The truth of the matter is, that when online retailers such as Amazon, Play and SendTo were offering games and hardware at lower prices than Game Group, and with much lower overheads due to having no expensive high street rent to pay, Game and Gamestation were unable to compete.

Ever since the original Xbox went online with Xbox Live in 2002 and the current generation of consoles followed suit in 2006 and 2007, it was clear that the future of gaming - and game purchasing - would be online. Game never offered a digital download service and, aside from perhaps boasting the largest stock levels on the high street, it never offered anything above its rivals.

Worse still, its rivals multiplied. Supermarkets got in on the act and started selling video games and consoles, often at lower prices than the likes of Game, Gamestation and HMV. Furthermore, larger supermarkets which are open 24 hours could take advantage of midnight game launches.

Instead of queueing at a branch of Game in the town centre, eager customers could call into their local 24-hour supermarket at midnight, pick up the new game along with a pizza and something to drink, and head home for a night of gaming.

As Game Group stares bankruptcy in the face, the company owes more than £100m to debtors.

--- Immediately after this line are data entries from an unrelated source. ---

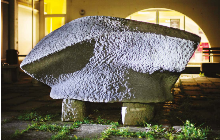
Morice Lipsi | L'Adret | 1967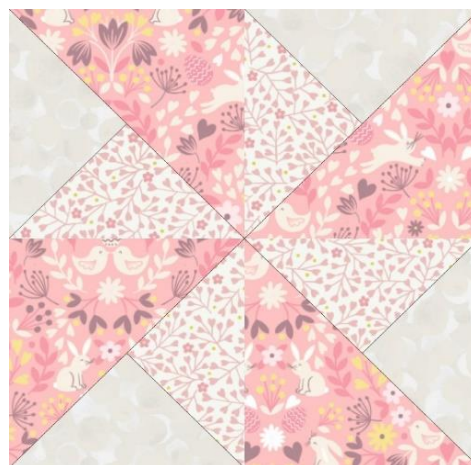
B - 2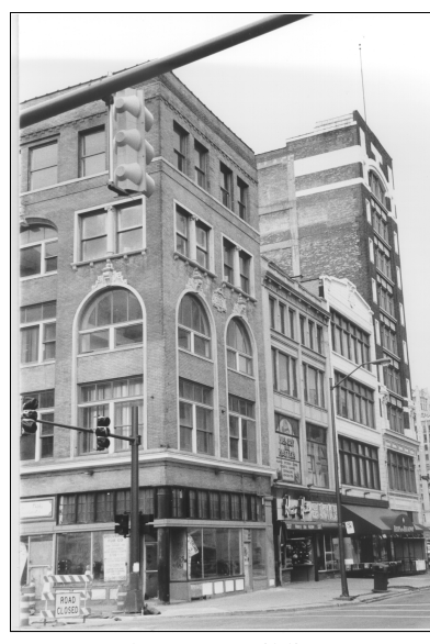
The Cary Building

Individually listed on the National Register of Historic Places on November 25, 1983, The Cary Building is a buff brick and like-colored terra-cotta trimmed, five-story commercial/office building with a reinforced concrete frame. Extending 112 feet along Gratiot Avenue and thirty-four feet along Broadway, the building displays broad, round, segmental-arched and square-headed window openings in its 2<sup>nd</sup> through 4<sup>th</sup> story portion and paired square-headed windows in the top floor. In the 4<sup>th</sup> floor a small ionic column separates the windows in each window pain in the Broadway façade and each end window pair on the Gratiot façade. The windows in the 2<sup>nd</sup> through 4th floor center bays on the Gratiot side are set into segmental-arched head recesses, while the 3<sup>rd</sup> story windows on the Broadway façade and ends of the Gratiot façade are arched. The recesses and arched windows all display boldly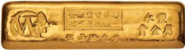
Obverse Wing Fung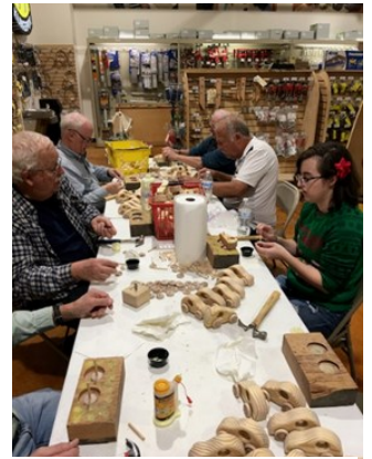
TWA club members building 983 wooden cars for Toys for Tots at the Klingspor's workshop in December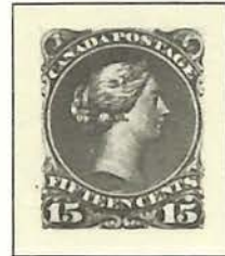
Sc. 30d/CNS 26o/SG 72a 30 d

"PIRIE" Script Wmk. Perf. 11½ × 12 Dent. 1876 (Montreal)

This includes £21m in rent due this Saturday, £12m in wages due by the end of March, £10m in VAT and £40m to suppliers.

Any potential buyer would have to pay off this debt before turning the business around. With stock supplies drying up, time is very much of the essence, or else 6,000 jobs in the UK and a further 4,000 jobs internationally will be lost, and the industry will lose the only two gaming retail chains.